An acquaintance of mine is widowed. Her husband was, apparently, either a big musky fisherman or just liked to buy lures. At any rate, she has hundreds of them and is in a quandry as to how best to sell /dispose of them. Not sure if this is the right place but does anyone have any suggestions for her? She's willing to donate the proceeds to a fishing charity.
thanks
Mike


----------



## turkeyt (Apr 13, 2006)

Sell them as a lot because it's too time consuming to sell by each and people will drive you nuts. Lay them out and take a few pics and post them over in market place on this site. Average price for a brand name new lure is 15 to 25. Price them in lots of 50 or so. That's how I would do it.


----------



## MadMac (May 2, 2005)

If she wants to donate the proceeds anyway she could save herself the time and energy by donating them to our Muskies Inc club. We would raffle them off and all the money goes to The Minnow Fund.
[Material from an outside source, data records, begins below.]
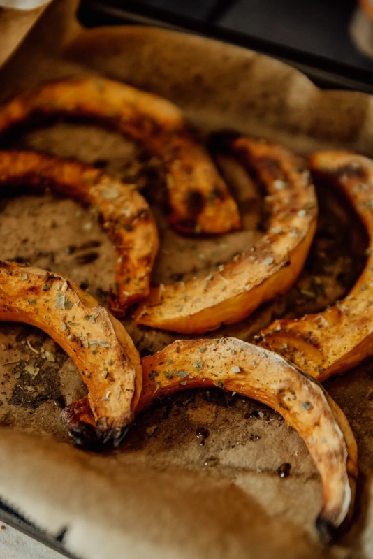 Pieczona dynia hokkaido z serem żółtym i papryczką chili
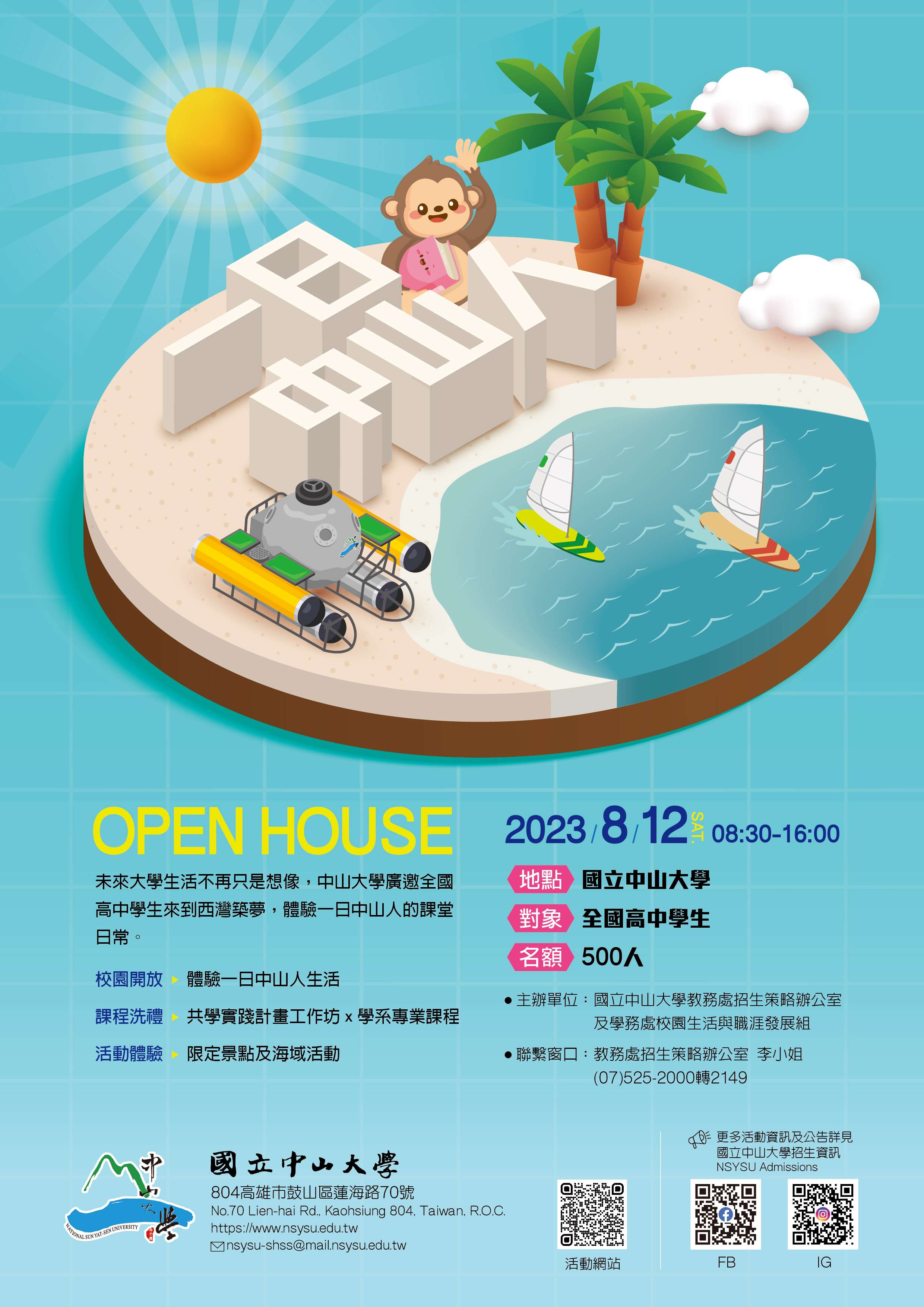 一、本校以專業課程、學系博覽會及活動體驗辦理校園參觀日,特以開放校園形式,使高中學生跳出原有學習之框架模式,體驗跨領域課程與本校特色體育活動,讓未來大學生活不再只是想像,爰邀請全國高中學生來到西灣築夢, 體驗一日中山人的課堂日常。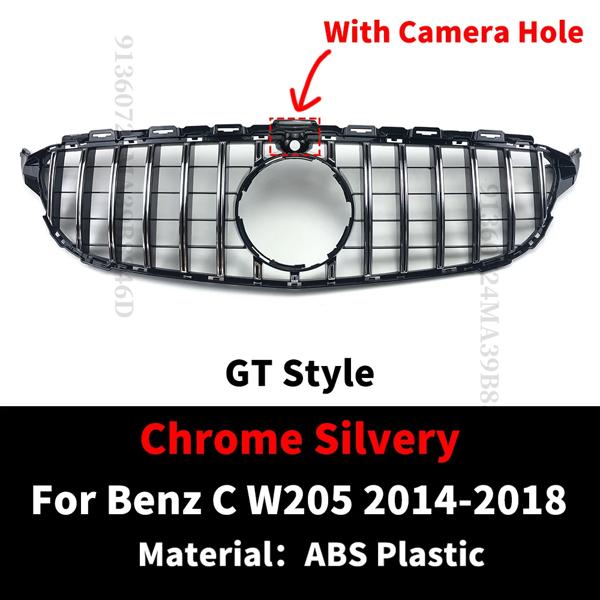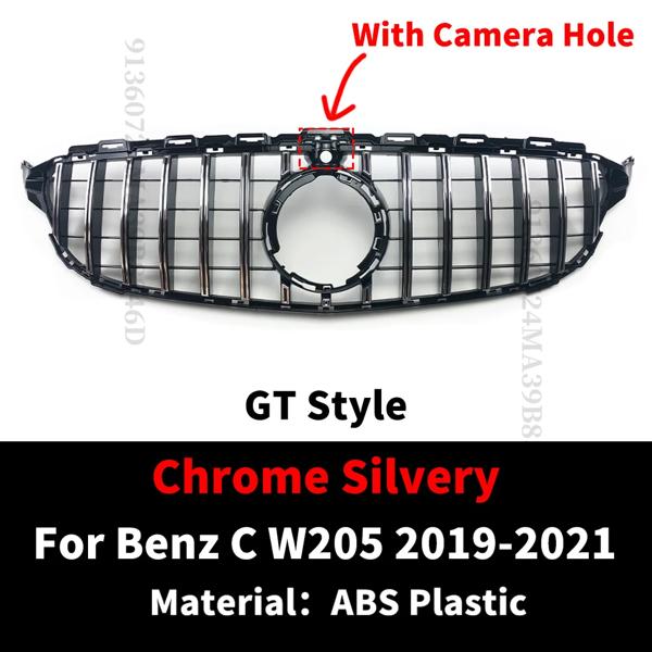 GT スタイルフロントバンパーグリルグリルメルセデス W205 S205 ベンツ C C205 C180 C200 C250 C300 C260 2014-2021 上部交換

The Minnow Fund is used by the Ohio Department of Natural Resources to buy minnows that feed the baby muskies that they raise to stock our lakes with and also to buy needed equipment to reach the same goal. If interested PM me and I'll let our club prez know. We could send someone to pick them up and inform her as to how much was raised and donated to the muskie program.


----------



## Ickey09 (Oct 3, 2013)

Let me know if she had any rods to match those lures.

Sent from my 831C using Ohub Campfire mobile app


----------



## MuskieWolverine (May 16, 2012)

If she has any 13" Grandma Lures, I'm interested. Of course, she could save going through the middle man and just donate the lures to me! haha


----------



## backlashed (Mar 19, 2011)

turkeyt said:


> Sell them as a lot because it's too time consuming to sell by each and people will drive you nuts. Lay them out and take a few pics and post them over in market place on this site. Average price for a brand name new lure is 15 to 25. Price them in lots of 50 or so. That's how I would do it.


Good idea but lots of 50 are a bit much, I'd go more to lots of 10.


----------



## kparrott154 (Mar 26, 2007)

backlashed said:


> Good idea but lots of 50 are a bit much, I'd go more to lots of 10.


I agree with backlashed, the small the lot the better. Even with lots of 5-10 be ready for the "if you decide to separate I'll buy the _______ lure" posts/emails 

Sent from my HTC One mini using Ohub Campfire mobile app


----------



## Lazy 8 (May 21, 2010)

They're only worth a couple of dollars each. At least that's prolly what he told her when he bought em!


----------